Not only is vegetarian Indian cuisine delectable, but there’s just something about Krishna prasadam that is indescribably delicious. I may get distracted by thoughts of illicit sex, intoxication (hardly but maybe), gambling (we speculate sometimes). But meat- eating—forget it. I never even think of it. Because we have literally developed a higher taste for Krishna- prasadam. We regulate our activities by taking Krishna prasadam.
As for sleeping, any unnecessary time spent sleeping is considered a great loss. A devotee uses every moment of the day to pursue his goal. None of us here has any contract that guarantees we have a hundred years to live. We could be gone very quickly. We don’t know. So it’s important to be serious in spiritual life. A Krishna conscious person cannot bear to pass a minute of life without being engaged in service to the Lord. Therefore, sleeping is kept to a minimum. The Gosvamis of Vrindavana ate, slept, bathed—everything—within half an hour or an hour. They were that engrossed in spiritual life. We may never reach that stage, but we can find a level of service that fulfills us every day of the year. During our sleep we’ll have nice dreams of Krishna and His devotees, and we’ll rise and begin our service and our hearts will be bright.

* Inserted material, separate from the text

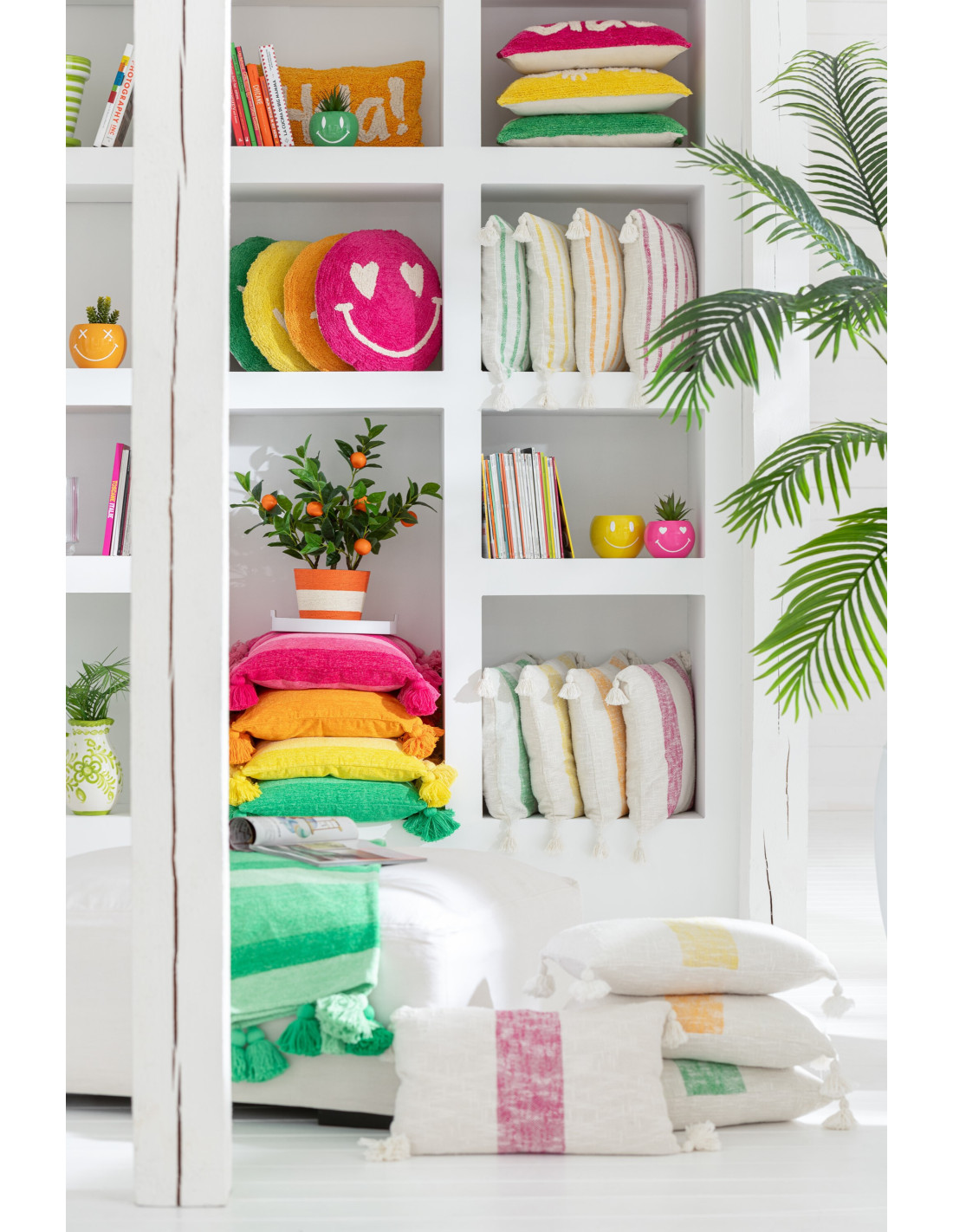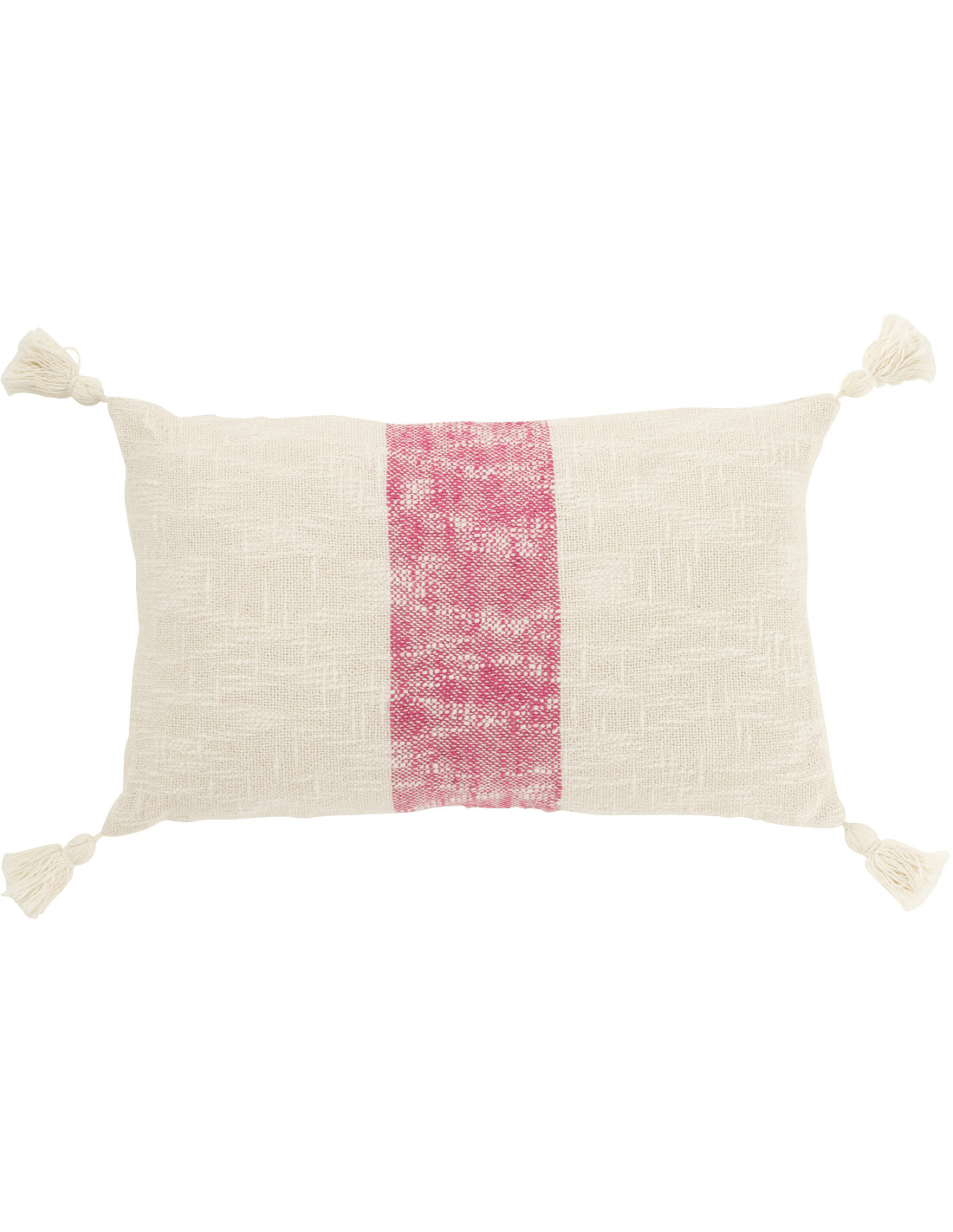 Un équilibre parfait entre douceur et caractère. Ce coussin rectangulaire joue sur une bande centrale rose pour structurer l'ensemble avec subtilité.

Because the Krishna conscious person is regulated in his work, speech, sleep, wakefulness, and other bodily activities, he or she experiences no misery. This is practical. If someone undergoes some sort of stress, a friend might say, “Just take your mind off it; get engrossed in your work.” People do that as a kind of therapy. Here the Gita recommends we go on permanent therapy. Work for Krishna. You’ll get so absorbed that you won’t fear even death. Steadiness comes from being constantly engaged in serving guru and Krishna. In the spiritual world the gopis compete to serve Krishna. There is so much work to do for Krishna that you can be totally carried away. Love is both a verb and a noun. To feel perfect satisfaction, you have to practice loving Krishna. You have to serve Him.